- Problem statement -
For this listing, reproduce the line with "面条世界Noodle World 2013是日本(麺)博览会的海报,也是Chae", the line with "Convites Quinceañera Turquoise", and the lines between, exactly as they stand. Leave out pictures and all other lines.

- Dataset records -

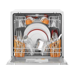 Compacta e eficiente! 8 serviços lavam até 91 peças. Cada serviço representa um kit de utensílios contendo prato fundo, raso e sobremesa, copo, xícara e pires, colher de sopa, sobremesa e chá, garfo e faca, na BLF08 cabem 8 kits de cada item, além de bowl, travessa e panela.
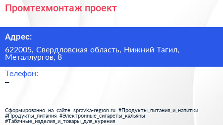 Промтехмонтаж проект по адресу 622005, Свердловская область, Нижний Тагил, Металлургов, 8 в дальнейшем Организация, размещена в следующих категориях:
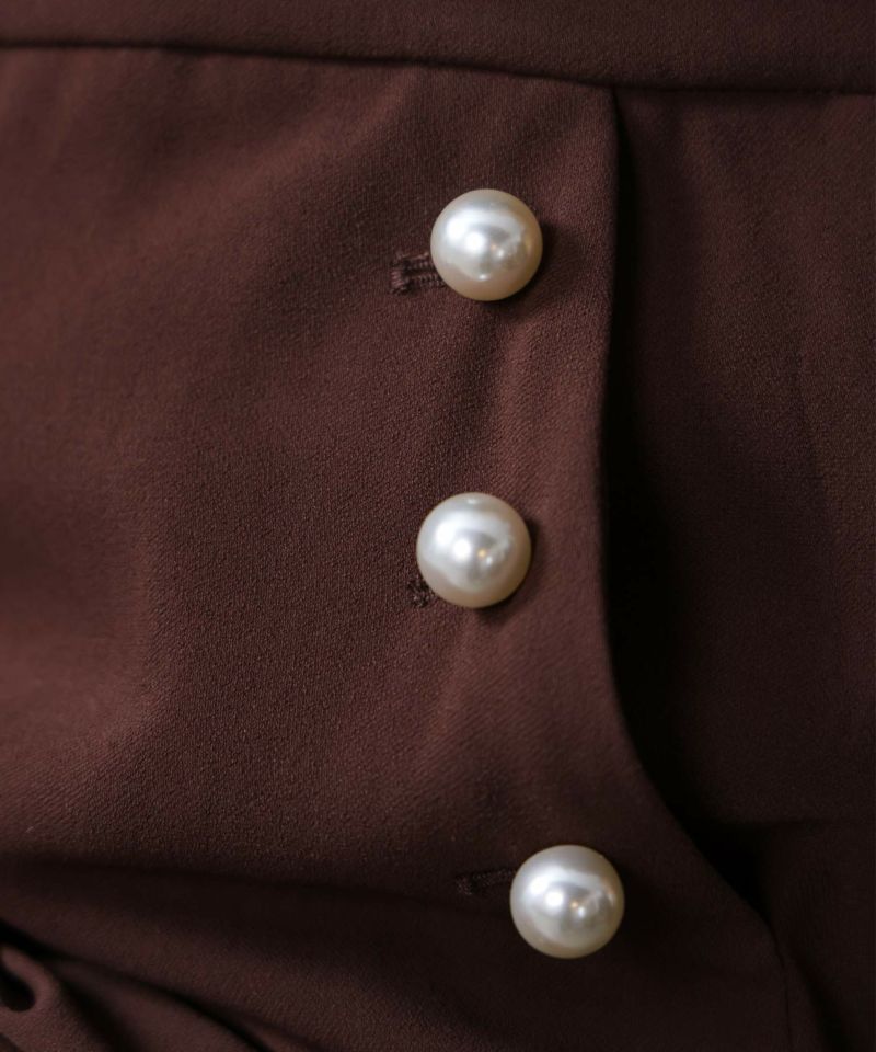 サイドに付いたパールが上品できれいめなワイドパンツ
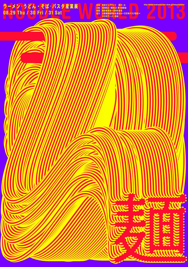 面条世界Noodle World 2013是日本(麺)博览会的海报,也是Chae Byung-Rok最喜欢的一件作品,它优雅地展示了面条从静止的筷子上飘落下来的画面。
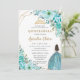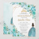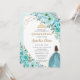Convites Quinceañera Turquoise Green Floral Princesa Dourad
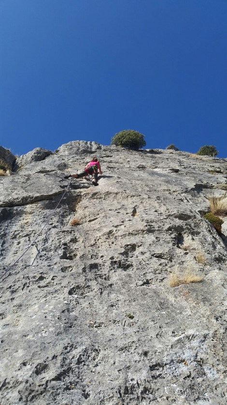 We do a few stiff, steep and somewhat polished routes at sector Medio Grado (felt tough to me, they’re rubbing it in 😉 ) then walked another few hundred metres along the crag in search of longer and less travelled routes. Sector Collado yielded an outstanding 30m 6a with a series of surprising (in a good way!) holds.
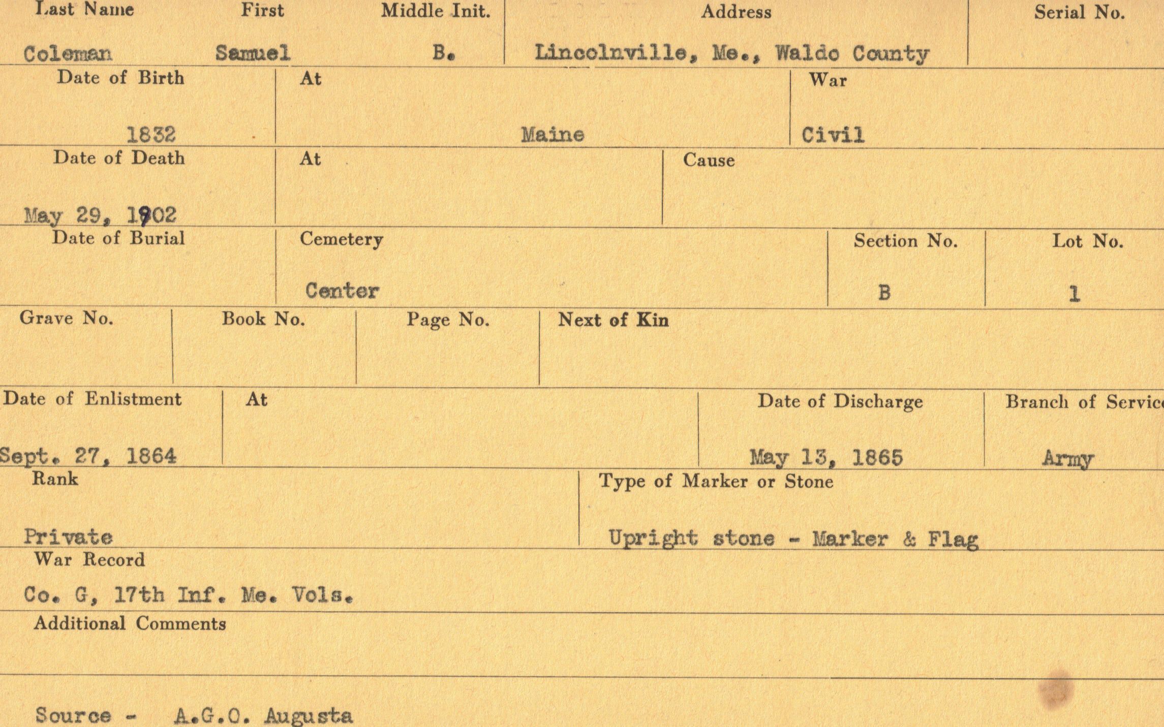 Military records of Samuel B. Coleman who served in the Civil War.Relationships
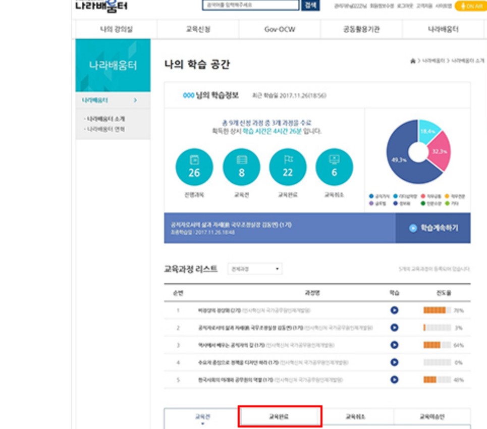 [나의 학습공간]에서 내가 신청한 교육의 학습정보와 진도율을 확인할수 있습니다.
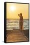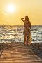 Charming woman contemplating the sea at sunset standing on Matala beach, Crete
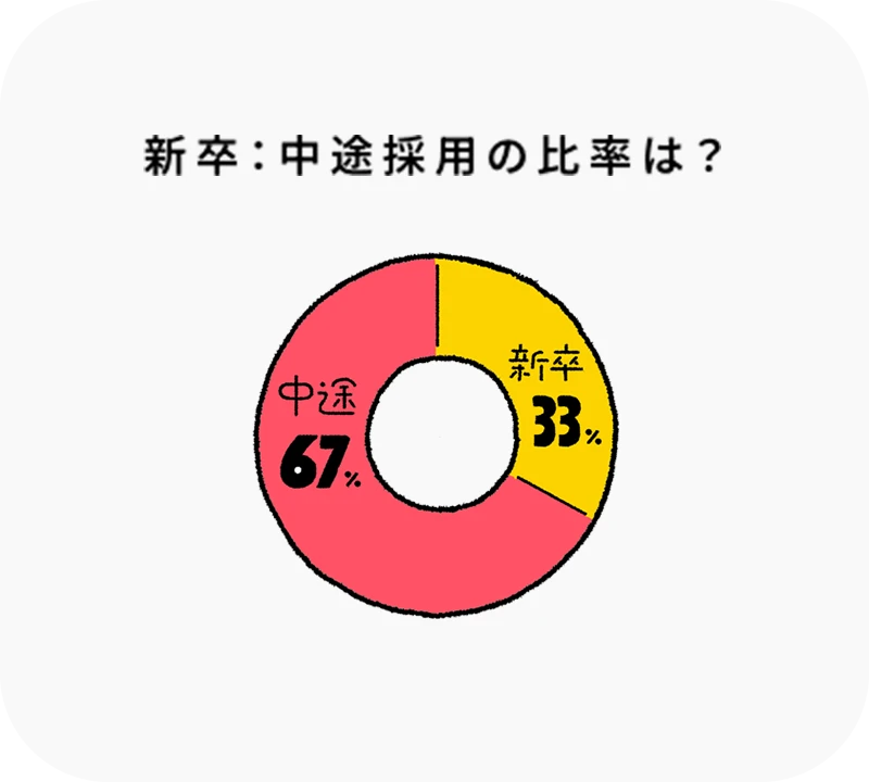 新卒33%、中途67%

- Reply -
 面条世界Noodle World 2013是日本(麺)博览会的海报,也是Chae Byung-Rok最喜欢的一件作品,它优雅地展示了面条从静止的筷子上飘落下来的画面。
Convites Quinceañera Turquoise Green Floral Princesa Dourad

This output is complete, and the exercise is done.